▸ Exercise requirements
Extract only the lines from the start of the entries below to the line with "Spend the day", inclusive; omit every picture.

Records from a dataset
-*-

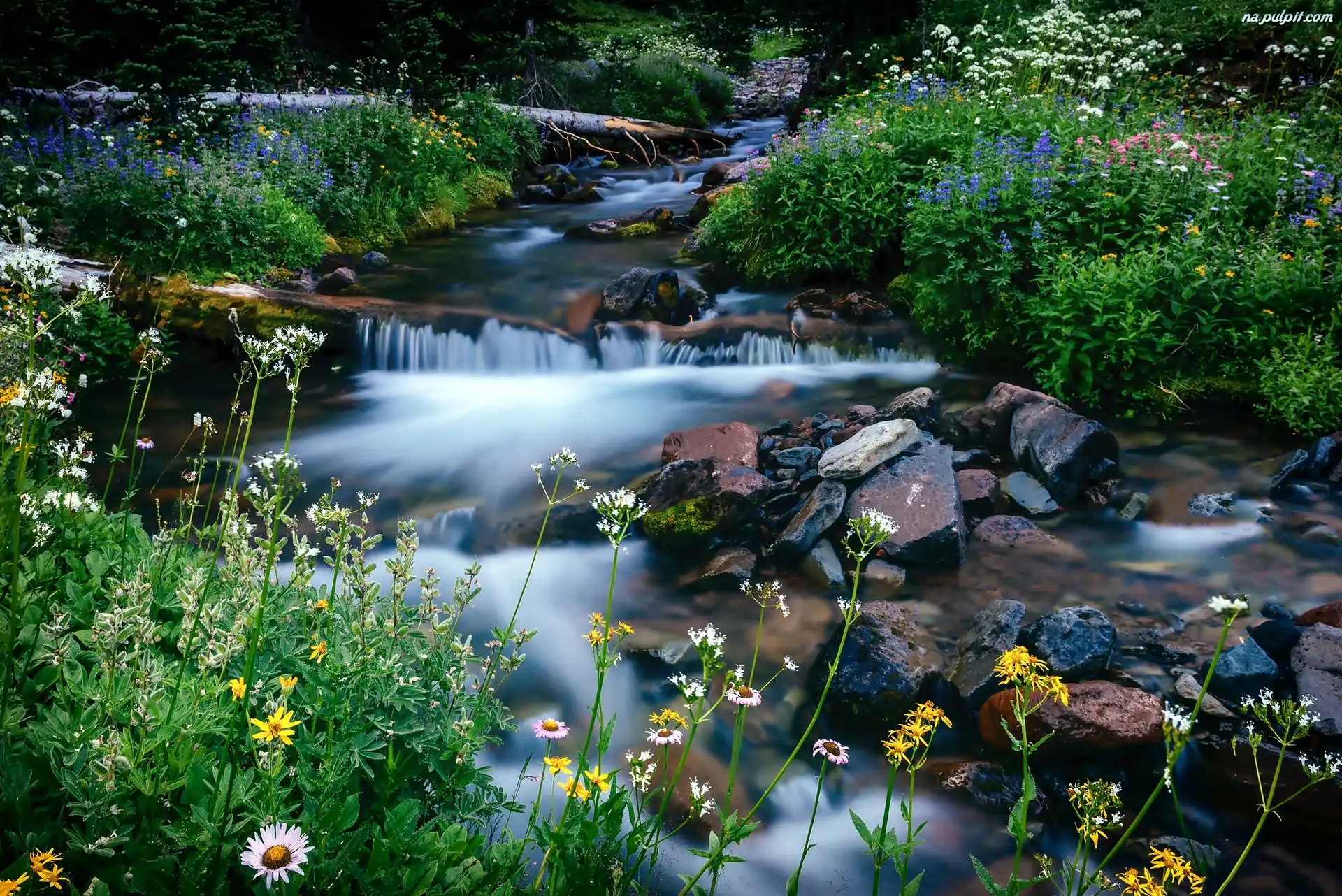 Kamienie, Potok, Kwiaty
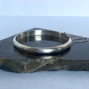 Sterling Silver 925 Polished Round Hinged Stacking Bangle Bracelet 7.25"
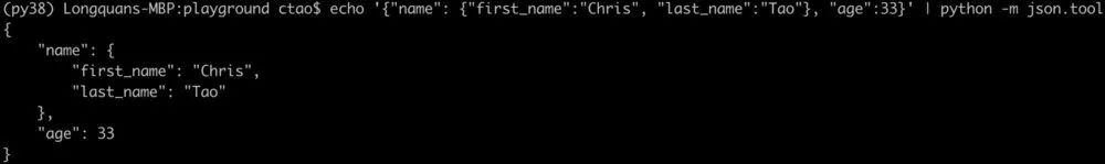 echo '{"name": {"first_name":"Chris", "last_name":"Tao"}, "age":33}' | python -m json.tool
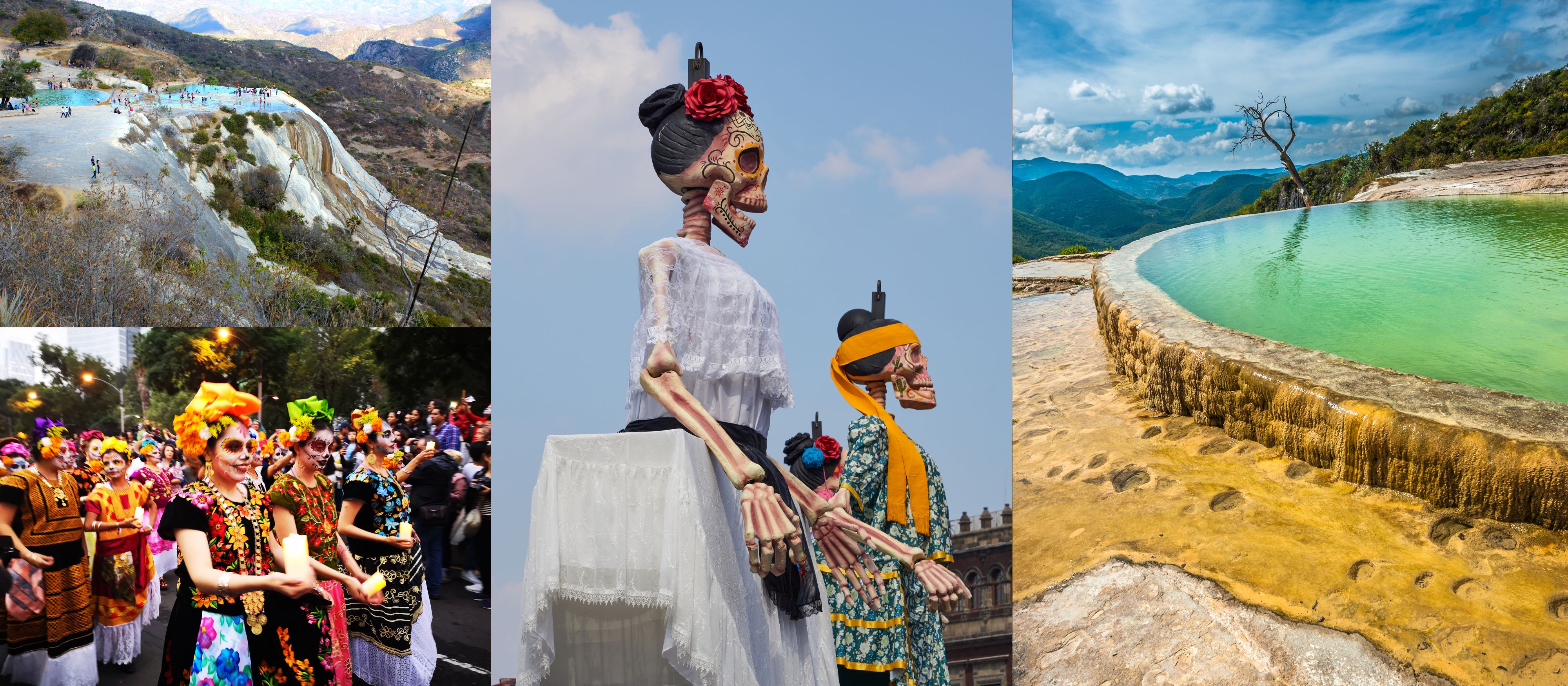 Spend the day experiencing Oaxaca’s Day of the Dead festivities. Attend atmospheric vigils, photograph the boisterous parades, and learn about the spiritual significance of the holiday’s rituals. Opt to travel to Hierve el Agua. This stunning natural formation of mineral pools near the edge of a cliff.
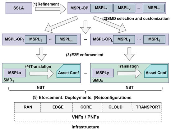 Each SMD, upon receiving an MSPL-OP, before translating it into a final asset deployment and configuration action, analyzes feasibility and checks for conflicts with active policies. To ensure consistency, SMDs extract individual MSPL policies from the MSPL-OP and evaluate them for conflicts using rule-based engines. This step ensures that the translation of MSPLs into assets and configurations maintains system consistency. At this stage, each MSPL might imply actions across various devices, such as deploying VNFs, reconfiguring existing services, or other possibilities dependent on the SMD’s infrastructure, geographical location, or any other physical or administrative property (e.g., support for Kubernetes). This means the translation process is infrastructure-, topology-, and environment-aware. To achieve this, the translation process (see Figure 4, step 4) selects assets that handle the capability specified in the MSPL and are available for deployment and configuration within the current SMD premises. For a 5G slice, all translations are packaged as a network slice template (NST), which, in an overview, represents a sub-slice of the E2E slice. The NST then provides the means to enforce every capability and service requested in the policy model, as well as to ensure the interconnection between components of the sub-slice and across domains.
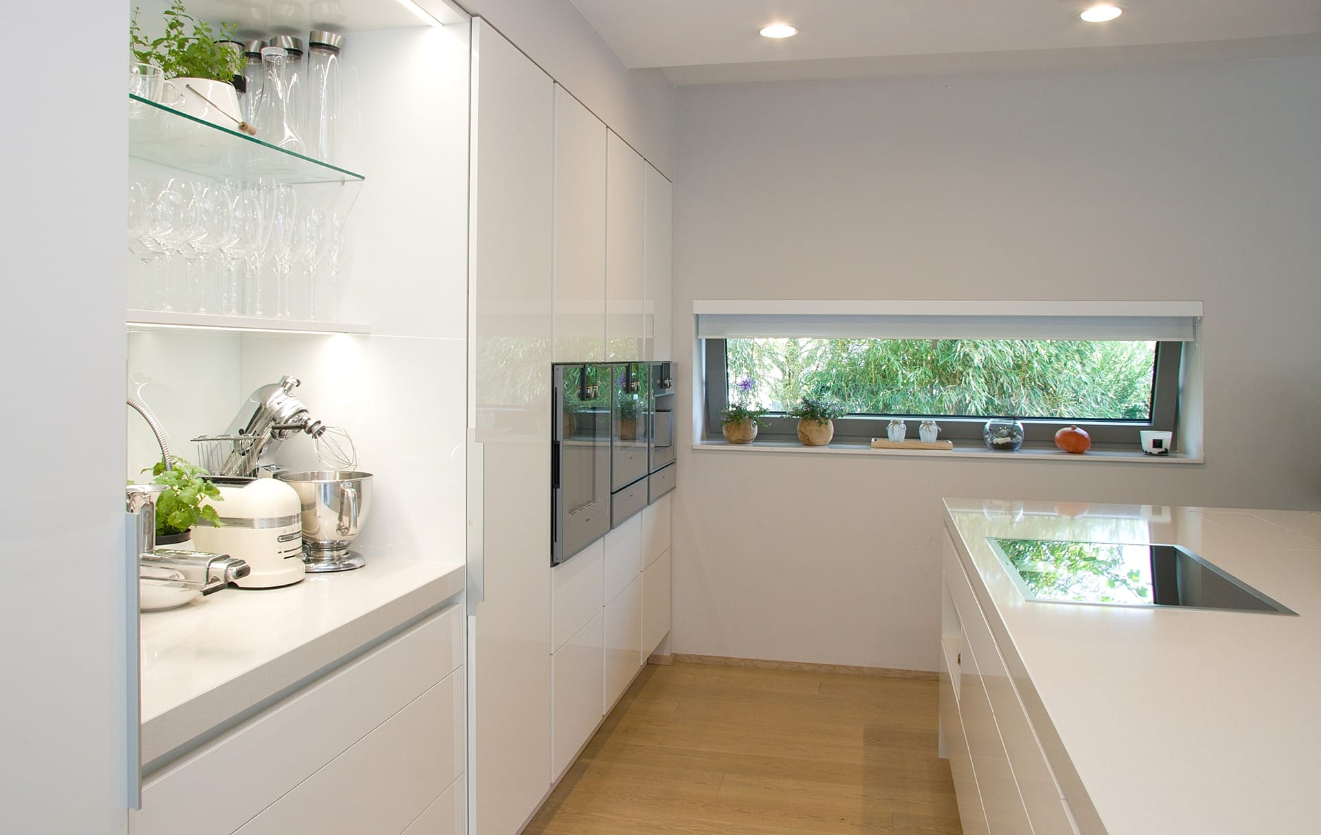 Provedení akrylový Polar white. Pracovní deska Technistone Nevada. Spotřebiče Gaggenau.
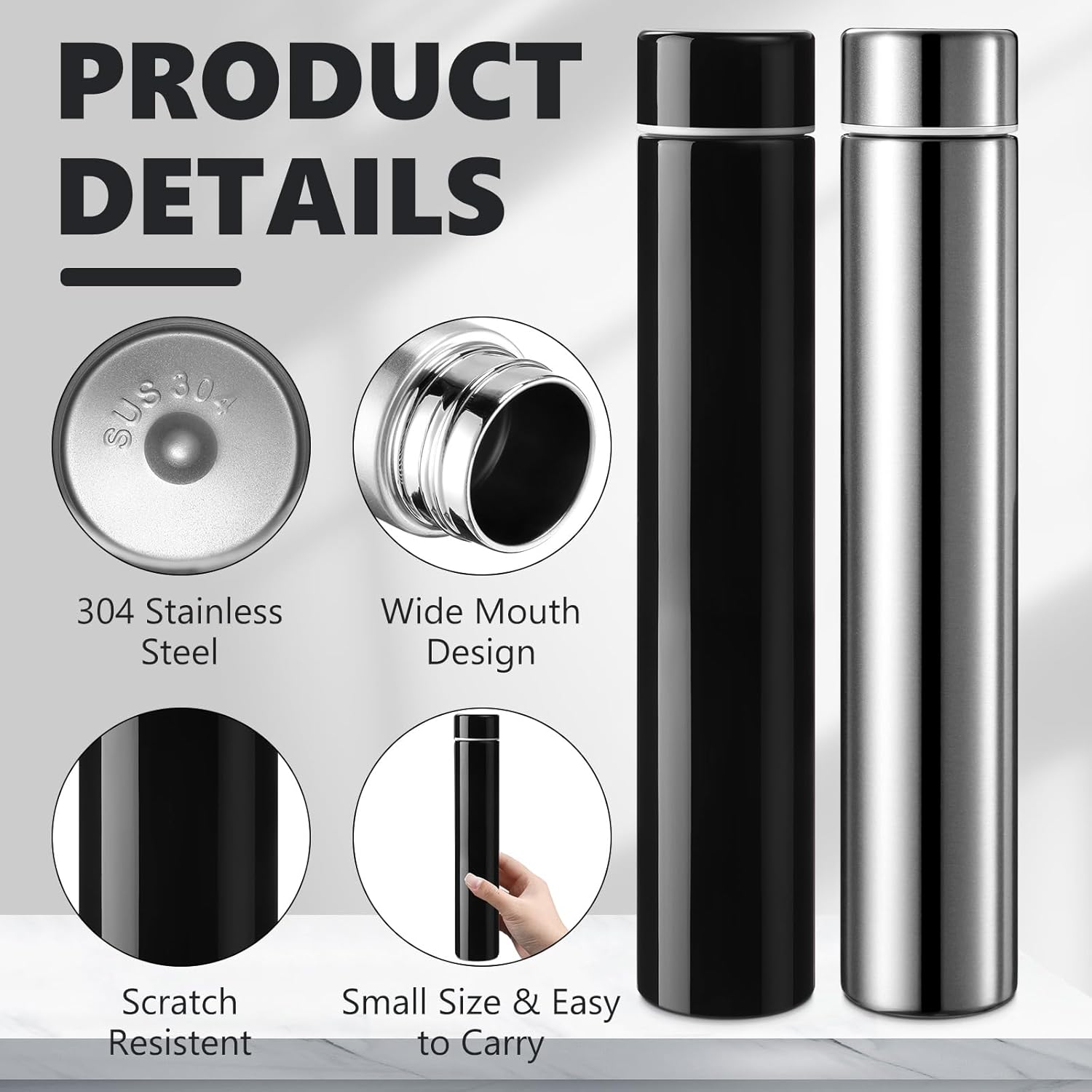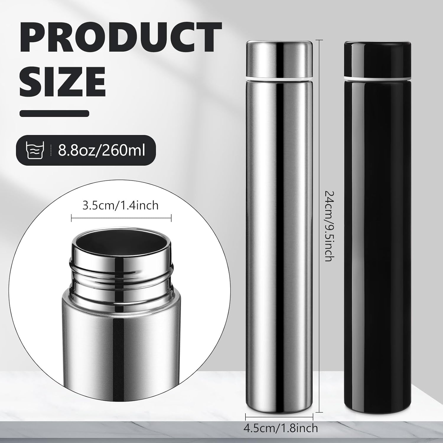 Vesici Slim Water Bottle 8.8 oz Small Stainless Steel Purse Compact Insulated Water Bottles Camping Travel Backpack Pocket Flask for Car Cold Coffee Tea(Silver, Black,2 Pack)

-*-

▸ Response box
 Kamienie, Potok, Kwiaty
 Sterling Silver 925 Polished Round Hinged Stacking Bangle Bracelet 7.25"
 echo '{"name": {"first_name":"Chris", "last_name":"Tao"}, "age":33}' | python -m json.tool
 Spend the day experiencing Oaxaca’s Day of the Dead festivities. Attend atmospheric vigils, photograph the boisterous parades, and learn about the spiritual significance of the holiday’s rituals. Opt to travel to Hierve el Agua. This stunning natural formation of mineral pools near the edge of a cliff.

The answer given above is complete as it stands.